12.7 million individuals over State Pension age are anticipating news about their weekly payments for the 2025/26 financial year. The Office for National Statistics (ONS) will release the September Consumer Price Index (CPI) inflation rate this week, a figure that will determine these payments.
Chancellor Rachel Reeves is expected to make public the yearly increase at the Autumn Budget on October 30. Given the Labour Government’s commitment to maintaining the Triple Lock, the CPI reported on October 16 will be crucial for calculating the increase.
Understanding the Triple Lock
The Triple Lock ensures that the New and Basic State Pensions increase annually based on the highest of three measures:
- Average annual earnings growth from May to July (currently at 4%).
- CPI inflation rate for the year ending in September.
- A fixed rate of 2.5%.
For those receiving additional State Pension elements or deferred State Pensions, the annual increase will align with the September CPI figure.
Current Figures and Predictions
As of August, the CPI stood at 2.2%, while earnings growth is at 4.0%. Experts believe that CPI will not exceed earnings growth, implying that the 4% will most likely be the decisive factor for the State Pension uprating in 2025/26.
Potential State Pension Increases:
- Full New State Pension:
- Current weekly payment: £221.20
- Projected weekly payment: £230.05 (an increase of £8.85)
- Four-weekly payment: £920.20
- Annual amount: £11,962 (up from £11,502)
- Full Basic State Pension:
- Current weekly payment: £169.50
- Projected weekly payment: £176.30 (an increase of £6.80)
- Four-weekly payment: £705.20
- Annual amount: £9,167 (up from £8,814)
Implications of CPI Increase
Mike Ambery, Retirement Savings Director at Standard Life, commented on the CPI figures, stating that unless an unforeseen spike in prices occurs, it is unlikely that inflation will surpass the earnings growth rate. He noted that with inflation around 2.2%, the real benefit for pensioners will be diminished.
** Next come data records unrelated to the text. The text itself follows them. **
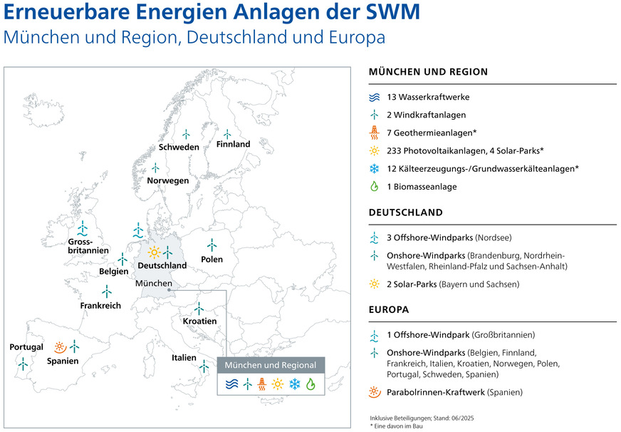 Grundsätzlich sei es Ziel der Ausbauoffensive, so viel Ökostrom wie möglich lokal und regional zu produzieren, heißt es in einer Presseinformation. Da aber der Wind auf dem Meer deutlich kräftiger und konstanter wehe als in der Landeshauptstadt und die Sonne in Südeuropa intensiver scheine als hier, hätten sich die SWM dort in Europa, wo die entsprechenden Potenziale und Gegebenheiten vorhanden seien, hieß es zur Begründung. Bemühungen der SWM, den Erneuerbaren-Ausbau auch in und um München voranzubringen, hätten in den vergangenen Jahren oftmals politische Vorgaben in Bayern entgegengestanden. „Lokal und regional haben wir umgesetzt, was bis dato bei den geltenden Rahmenbedingungen machbar war – zuletzt deutlich mehr“, betonte Dr. Florian Bieberbach.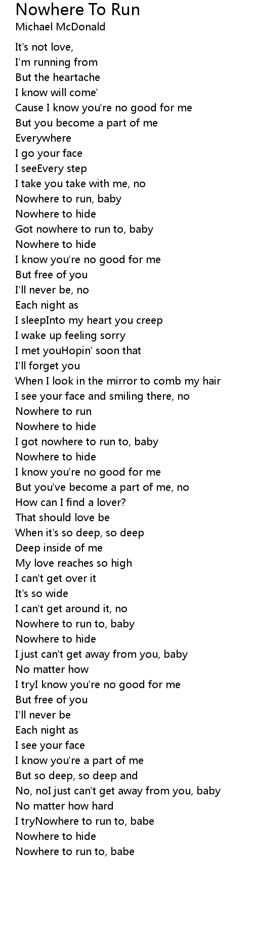 Nowhere To Run Lyrics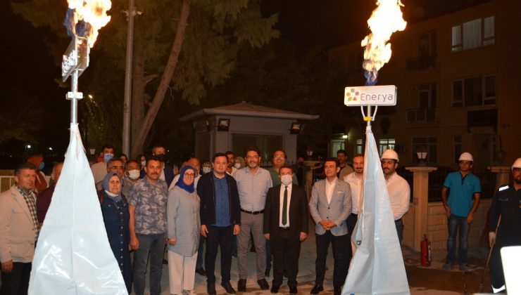 Korkuteli ilçesinde doğalgazın ilçeye getirilmesi çalışmaları kapsamında Belediye önünde ilk doğalgaz test ateşi yandı.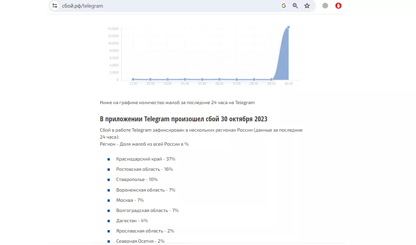 37% российских пользователей Telegram, сообщивших о сбоях, находятся в Краснодарском крае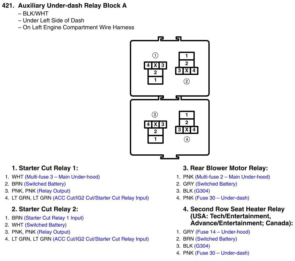 View 421 - Auxiliary Under-dash Relay Block A Connector View
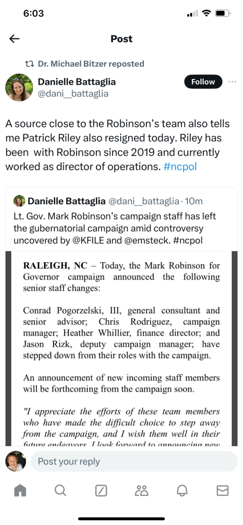 It is like Mark Robinson was reported to some sort of place that would investigate claims of improper behavior and in the us case he actually got caught.
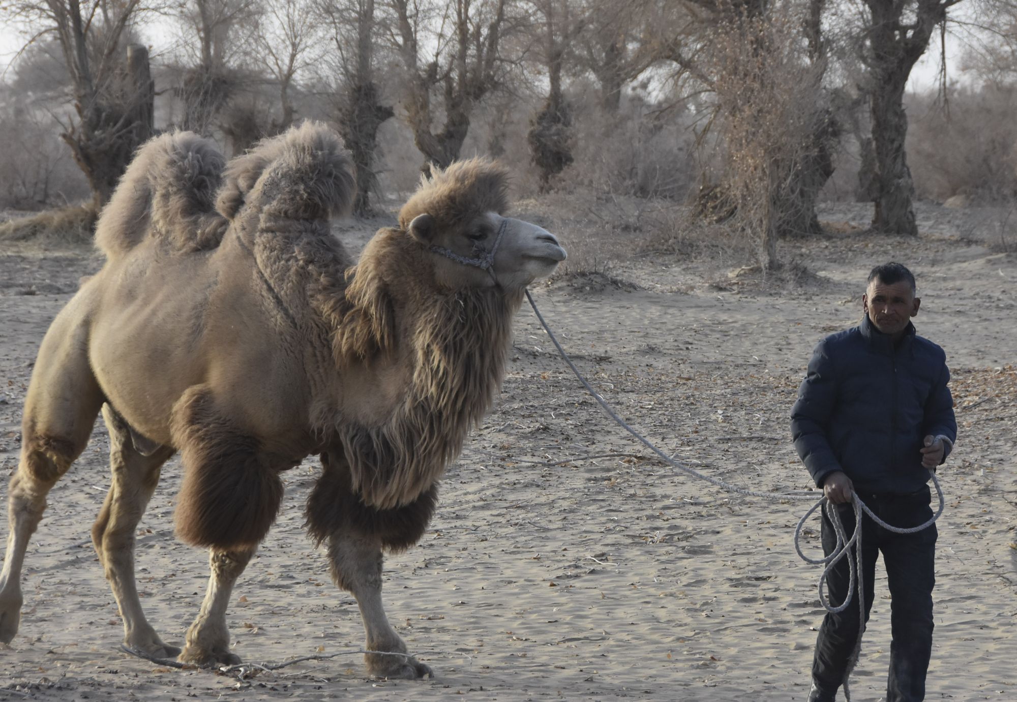 新疆于田县达里雅布依乡村民在老村旧址发展骆驼养殖(2021年11月12日摄)。新华社记者 顾煜 摄
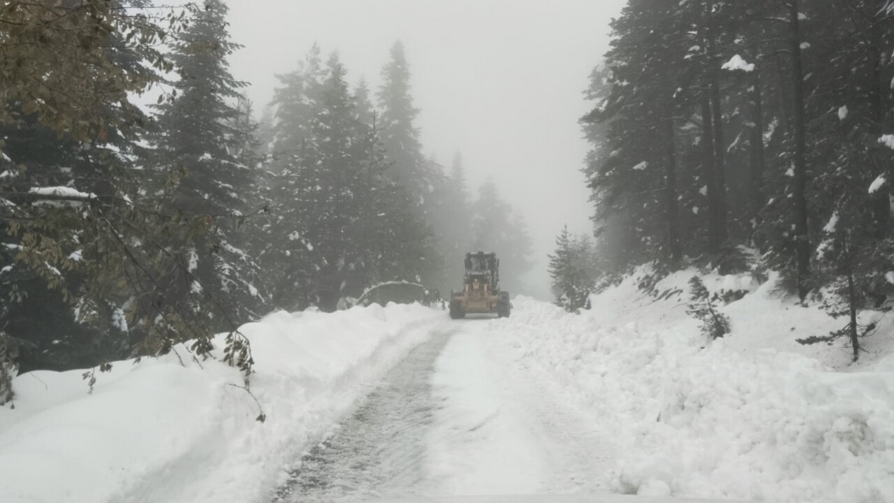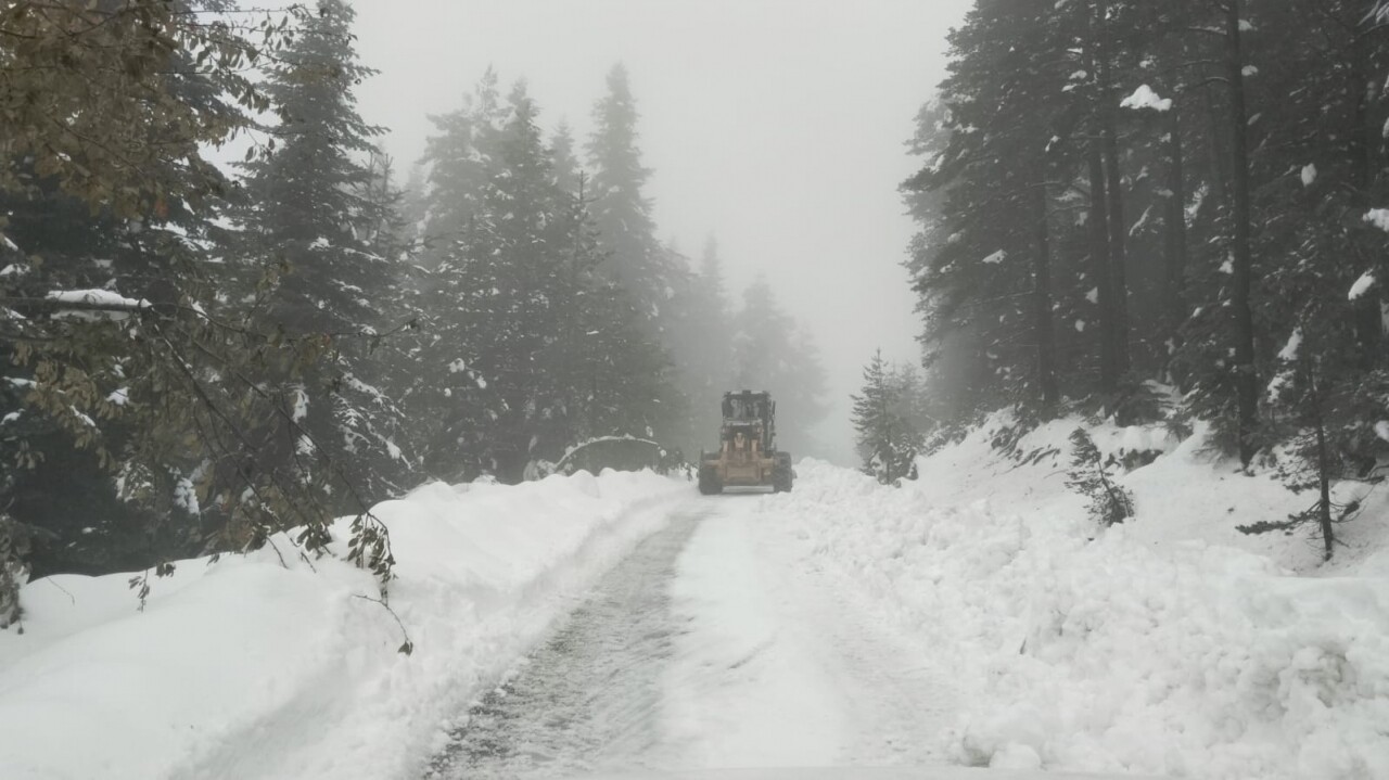 Özel İdare ekipleri kar kalınlığının 50 santimetreye ulaştığı Devrekani Şenlik Radar Yolunda kar mücadelesini sürdürüyor. Yol greyderlerle açılmaya çalışılıyor.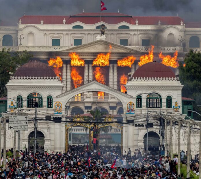 El histórico palacio de Singha Durbar en Katmandú, sede del gobierno, fue destruido este martes al ser incendiado por los manifestantes que irrumpieron en el complejo gubernamental. La escalada de la crisis también alcanzó al Parlamento nacional.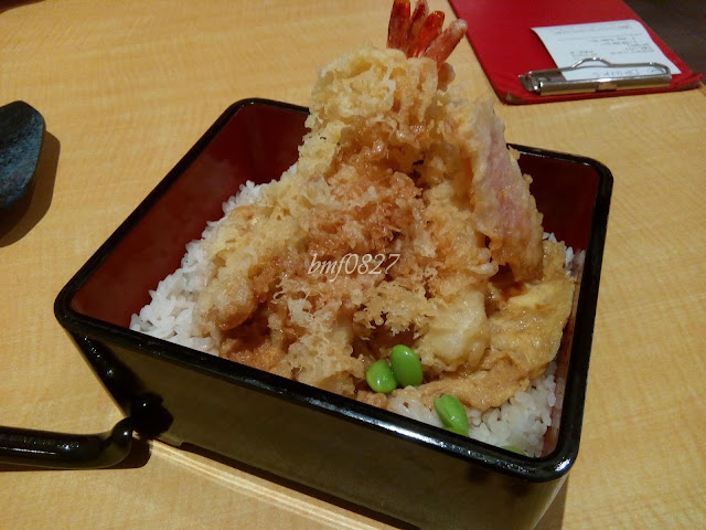 我们点了一个大份的天妇罗盖饭。端上桌的时候,天妇罗摆盘得很漂亮。天妇罗里有虾,番薯和羊角豆,味道 OK。天妇罗虾炸得不是很好,裹上了一层厚厚的面粉。比较让我不满意的是,这天妇罗没有萝卜泥来搭配,味道就好像缺少了一块。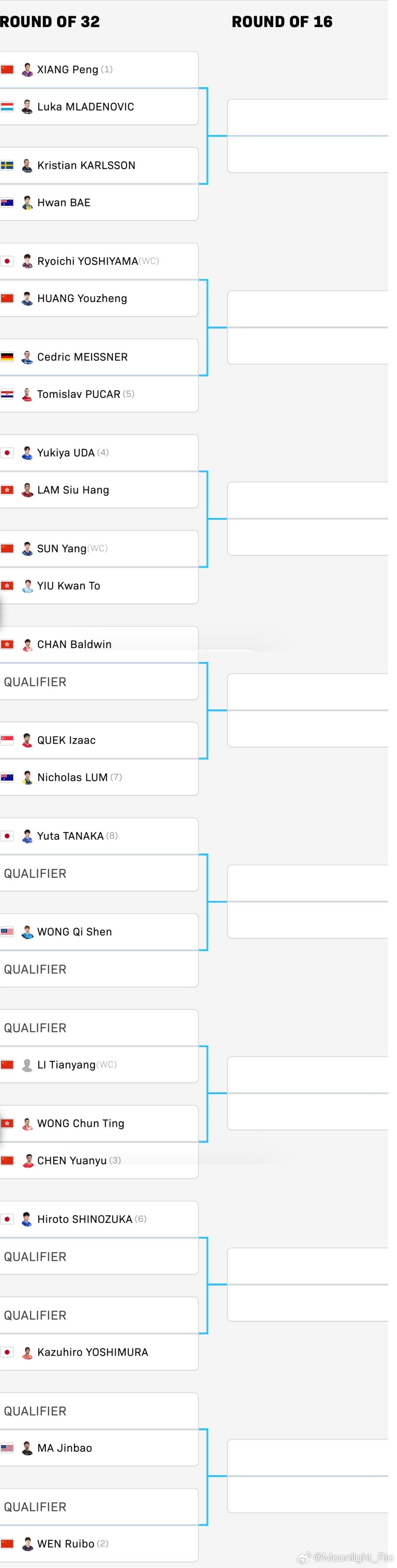 WTT常规挑战赛太原站2026 女单、男单正赛签表
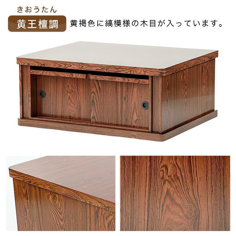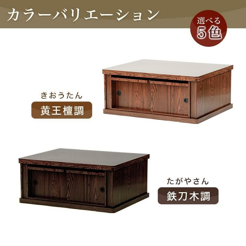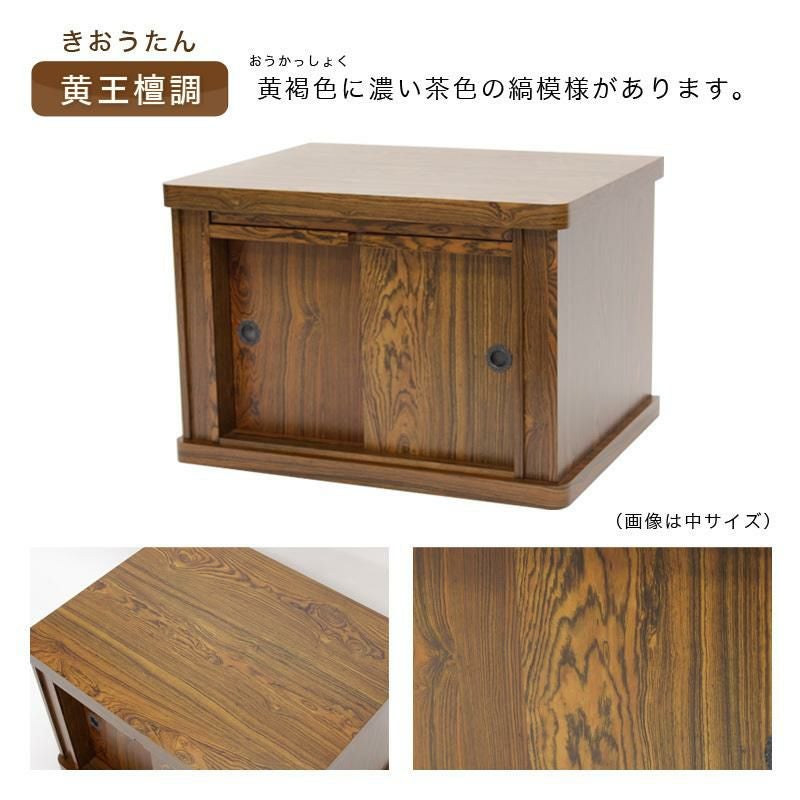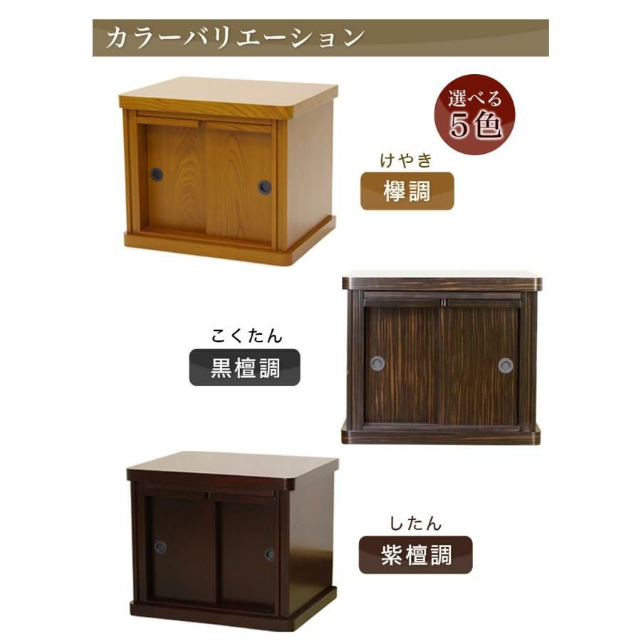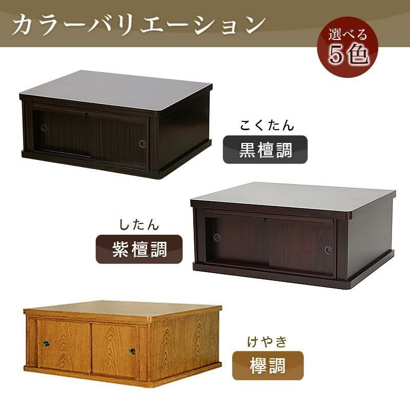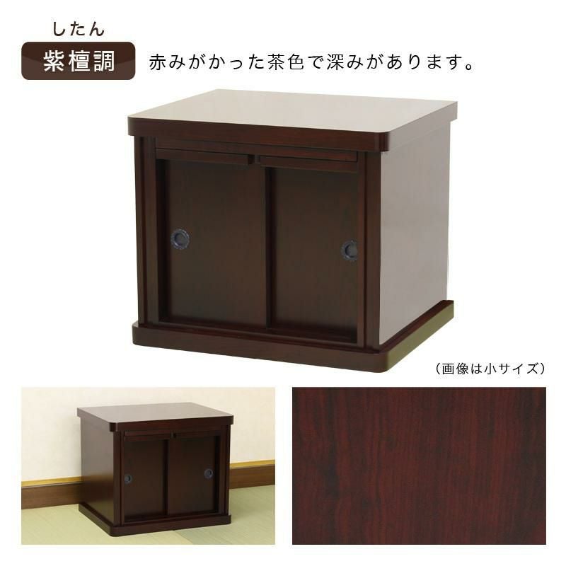 他の画像を見る 下台 欅調 黒檀調 紫檀調 黄王檀調 鉄刀木調 仏壇台 けやき こくたん したん きおうたん たがやさん 仏壇台 仏壇 台 5色から選べる膳引き仏壇専用台 「中サイズ」 幅60cm 下台 置台 チェスト モダン 価格 ¥ 43,800 税込 カートに入れる お気に入りに登録する (0)

Ambery also stated that increased energy bills this winter might have a greater impact on elderly, particularly those with lesser incomes. He encouraged those of State Pension age who rely largely on their State Pension to check their eligibility for Pension Credit using the government’s online portal.
Tax Considerations for Pensioners
The Personal Allowance remains frozen at £12,570 until 2028. Currently, 8.1 million older individuals pay tax in retirement due to additional income from workplace or private pensions.
Retirement experts at Spencer Churchill predict that nearly 900,000 more people will exceed the Personal Allowance threshold in the current financial year. Notably, those whose only income is the State Pension will not incur taxes.
However, individuals receiving the full New State Pension should be cautious about any additional income exceeding £89 monthly, as this may trigger a tax bill. Similarly, those receiving the full Basic State Pension should monitor any extra income over £313 monthly.
Adam Pope, a retirement expert, expressed concerns about the freezing of income tax thresholds, indicating it could significantly affect pensioners. He warned that over 60% of pensioners now pay income tax, up from roughly 50% in 2010. By 2027/28, the average tax-paying pensioner could be £1,000 worse off, impacting their financial stability.